Returning to New York City, she took the position of Programming Coordinator for A&E Television's Biography series and eventually worked her way to Manager of Documentary Programming and Supervising Producer. In this role, she oversaw the production of more than 250 hours of television per year, earning an Emmy nomination in 2003. The love of acting never left her though, and while working behind-the-scenes in television during the day, she was also performing in Off-Broadway theatre at night. By 2004, Catherine was ready to return to acting full-time.
Family brought Catherine back to Atlanta two years later, just as film and television production exploded in the area. “Finally, my timing was right!” she says. “I booked a recurring role on Army Wives, then shot The Blind Side, and have been fortunate enough to have spent the last decade as a working actor. In 2006, I had three acting credits on IMDB, and now I have 66. I’m proud of that.”

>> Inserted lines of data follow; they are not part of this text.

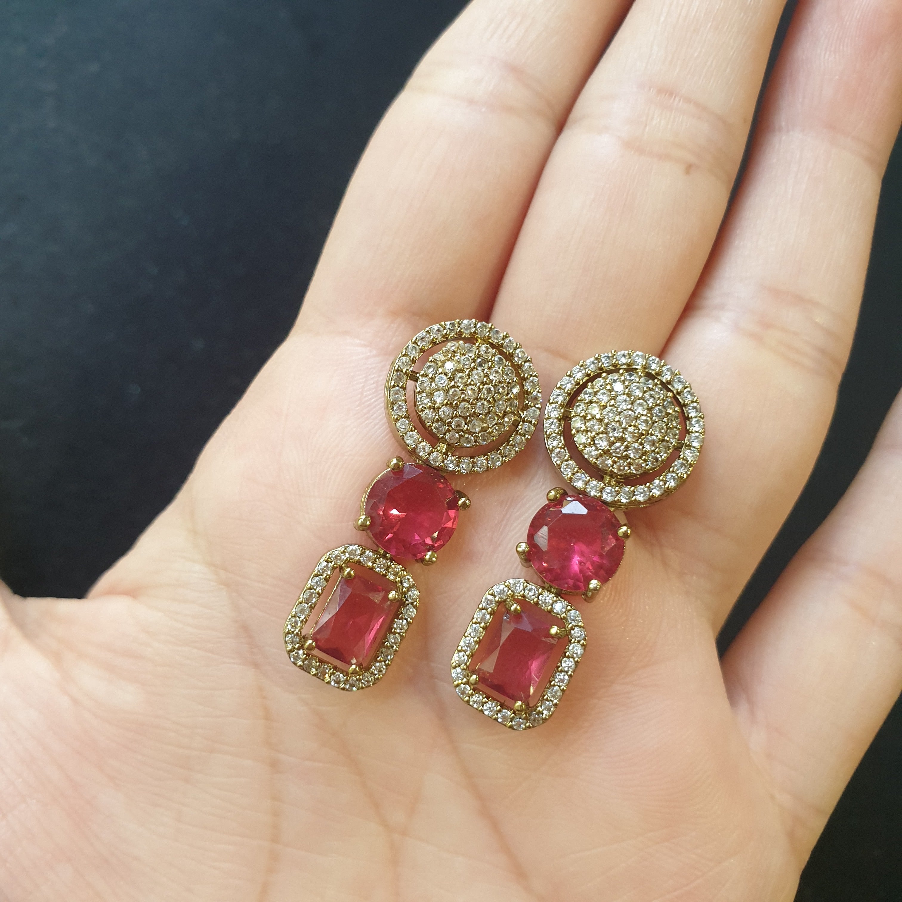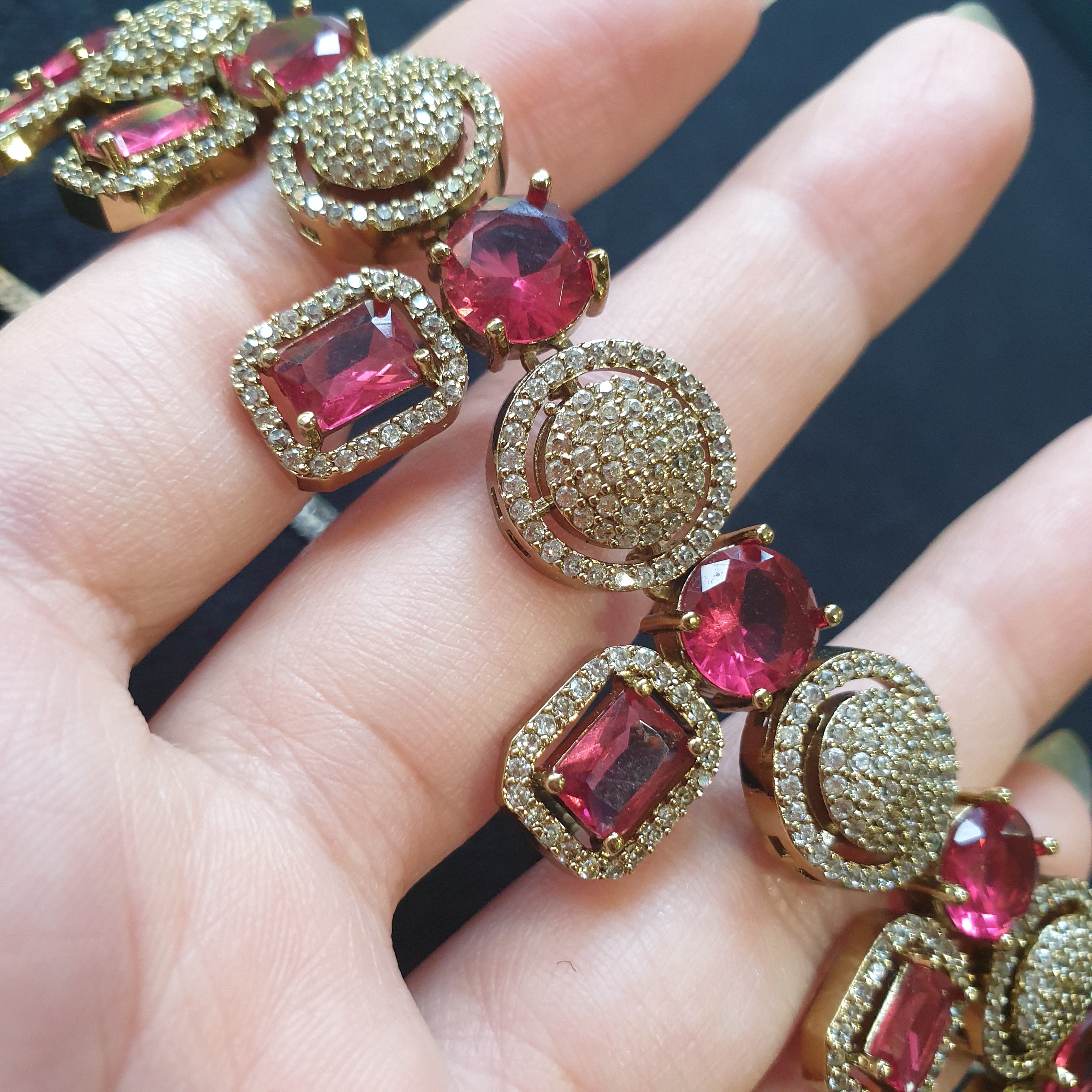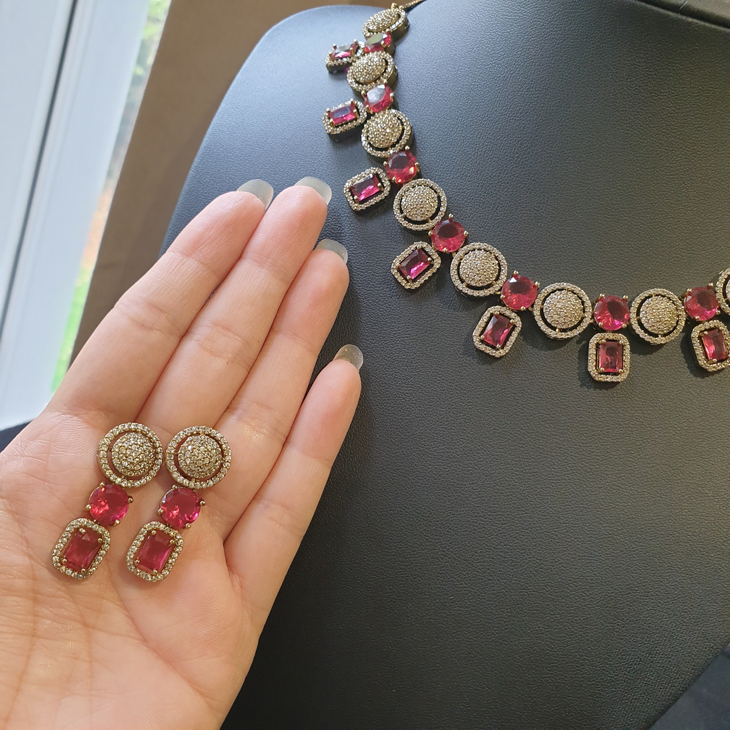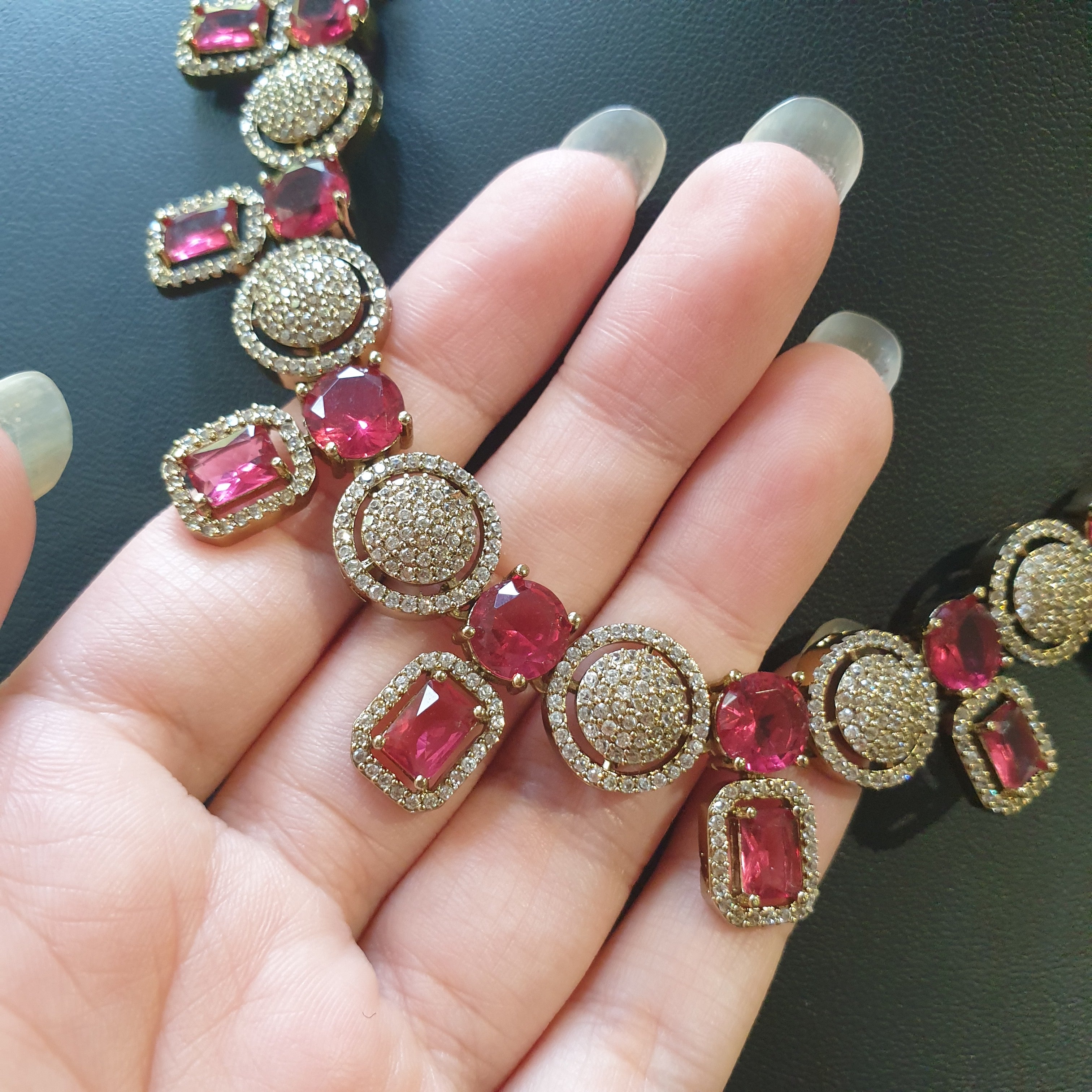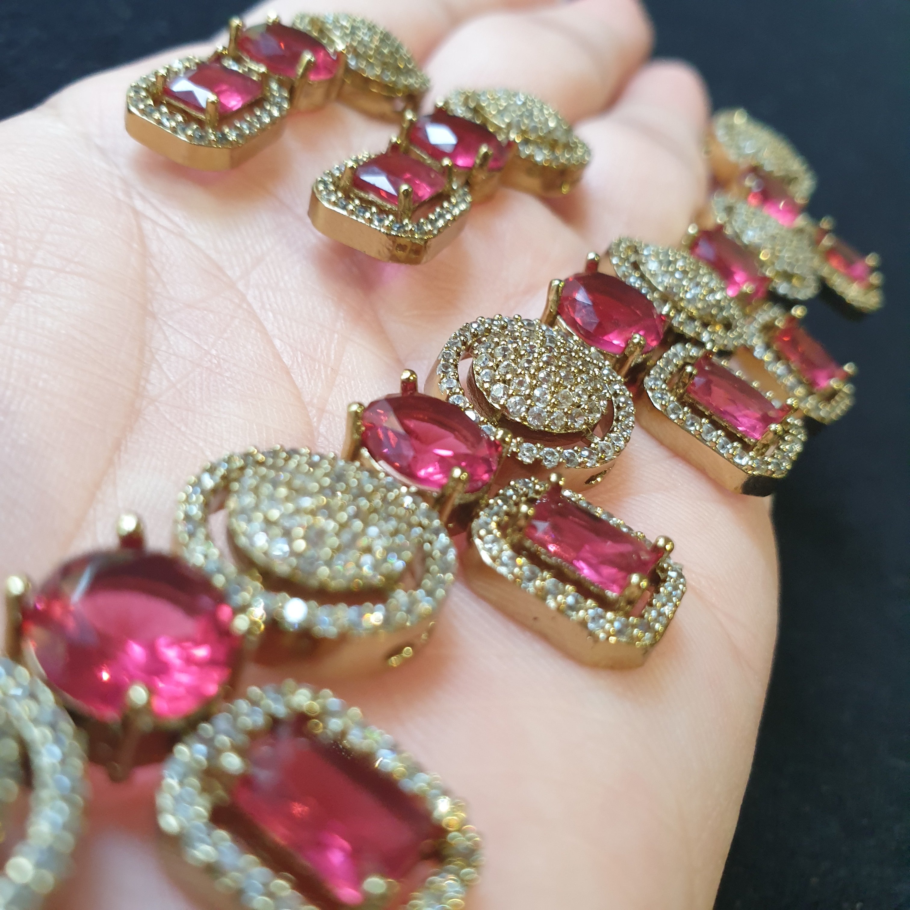 Make a bold and regal statement with this Garnet Necklace Set, featuring deep red garnet stones paired with shimmering cubic zirconia accents, all set in a graceful dull gold plated finish.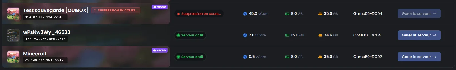 Lorsqu'un serveur est supprimé, une sauvegarde complète est automatiquement conservée par nos systèmes, incluant l'ensemble des données, fichiers et configurations associées.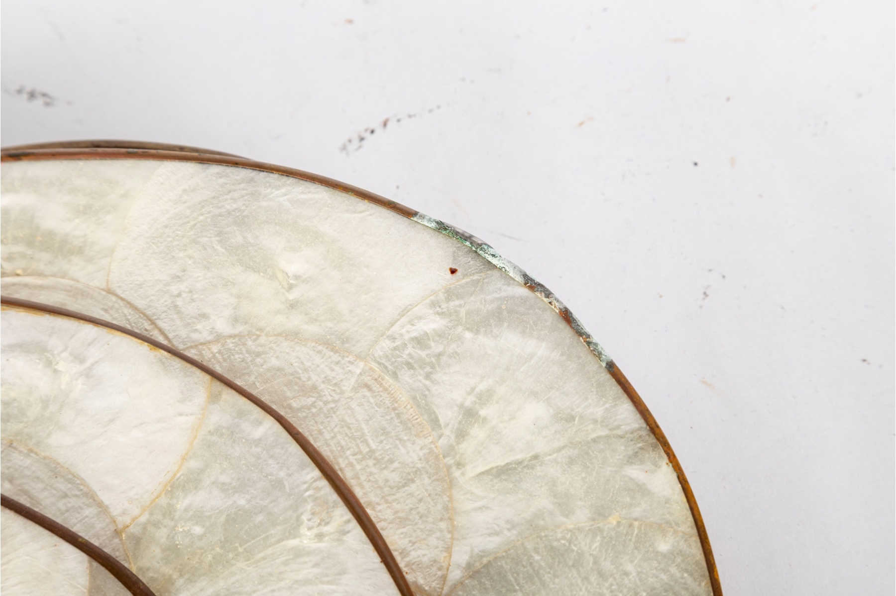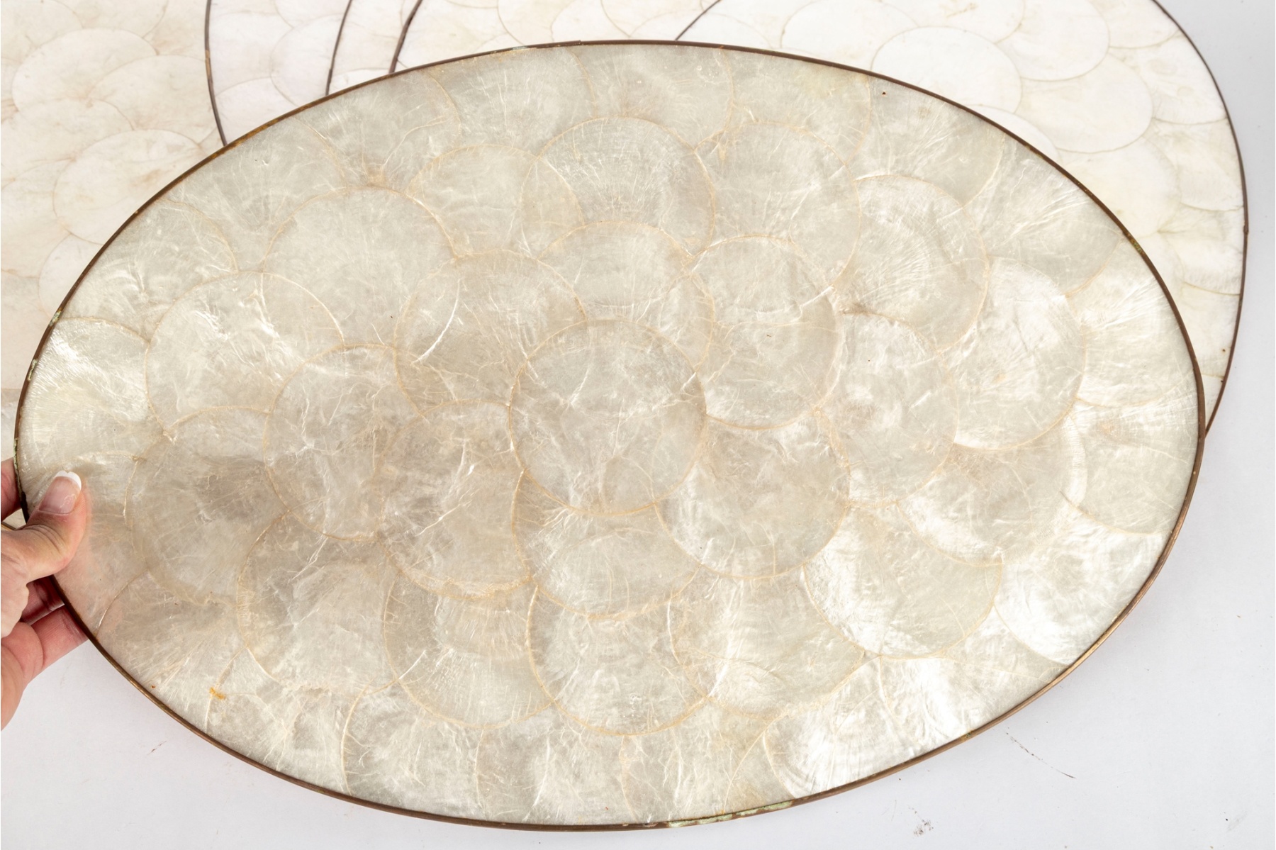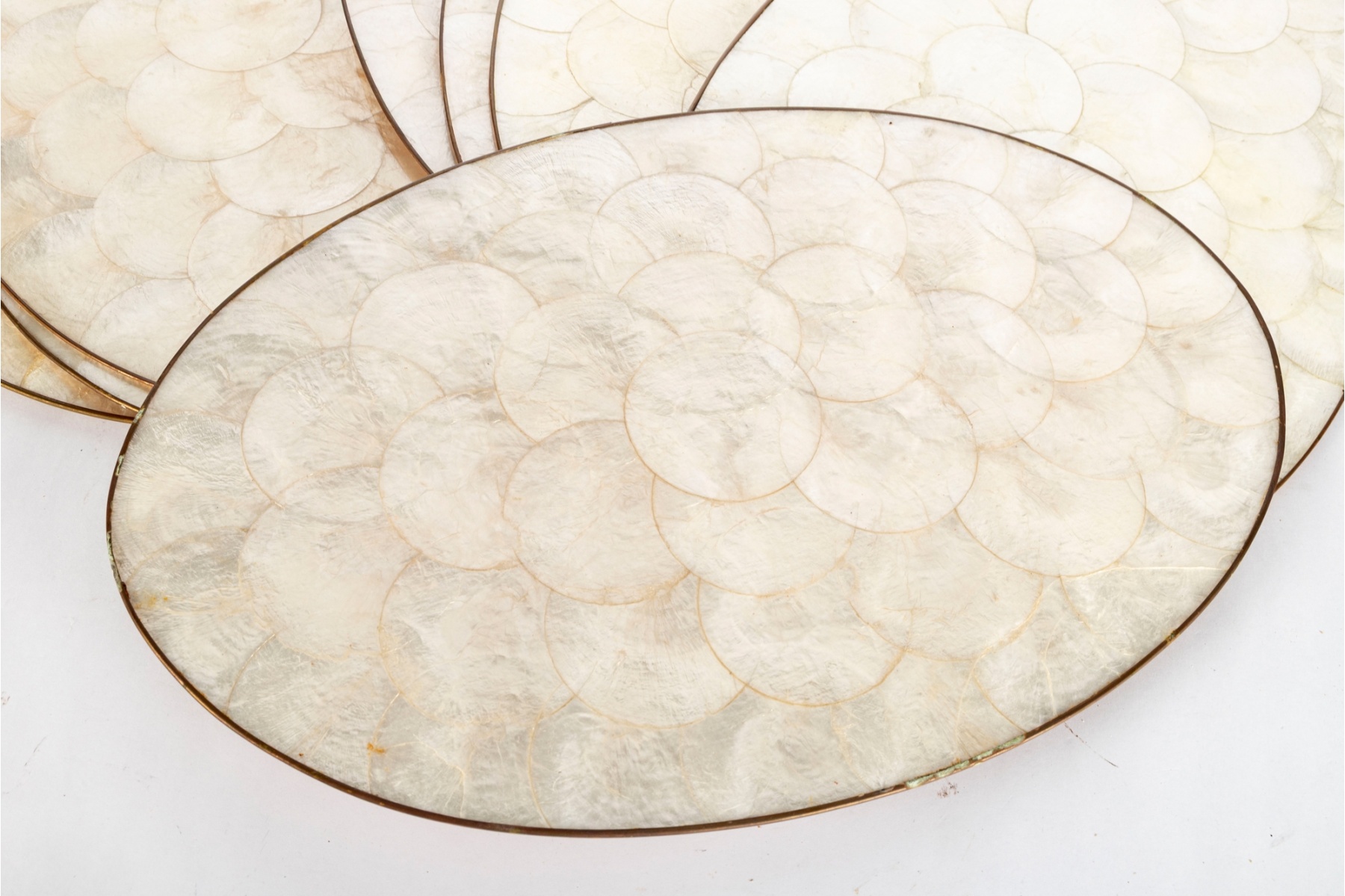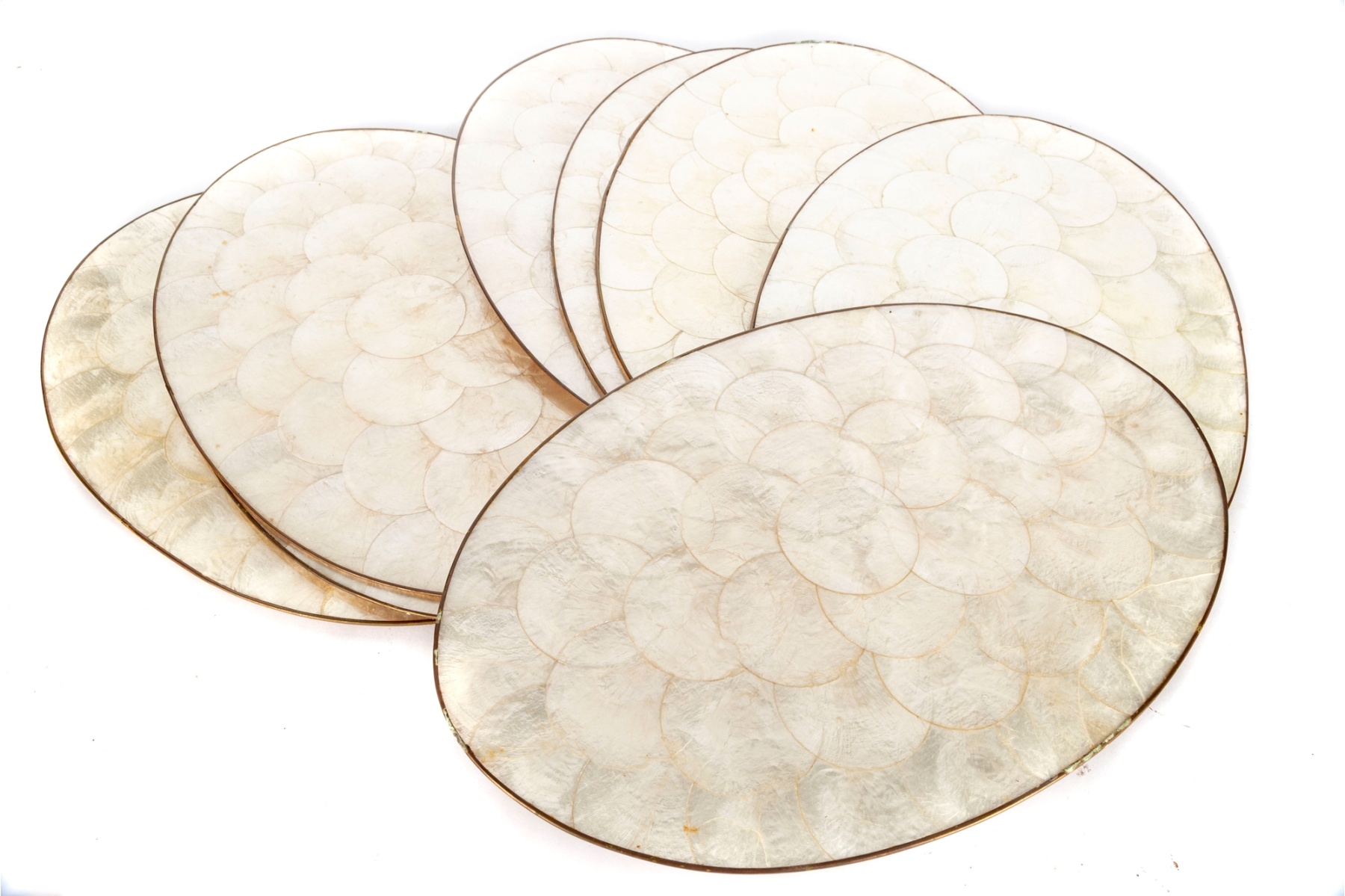 Elegant set of eight round Capiz shell table mats, each featuring natural iridescent panels framed by polished brass trim.

Catherine and her husband own a studio, Drama Inc., with two other actors in Atlanta, which has given her the freedom to accept jobs that come her way, including roles in television on such series as Halt and Catch Fire, Black Lightning, and Queen Sugar, as well as film in Dirty Grandpa, The Darkest Minds, and The Founder.
When asked if she had any advice for those students currently studying at The Academy, she spoke with the knowledge of someone who really knows the industry and loves what they do. “Look at auditions as a chance to do what you love for two minutes,” she advises. “This is a business about building relationships. Look at auditions as building blocks; you may not book this one, but who knows what that casting director will be casting two months or two years from now. Go in. Be professional. Do what you love, and they will remember you. Don’t ever compare yourself or your career to others. Find people who are creative and positive and lift you up!”
Catherine’s path to a successful acting career has been anything but traditional, but her willingness to learn and be open to new experiences beyond the traditional “actor’s path” served her well. From behind-the-scenes jobs to relocating beyond New York or Los Angeles, she has always known that she is exactly where she is supposed to be.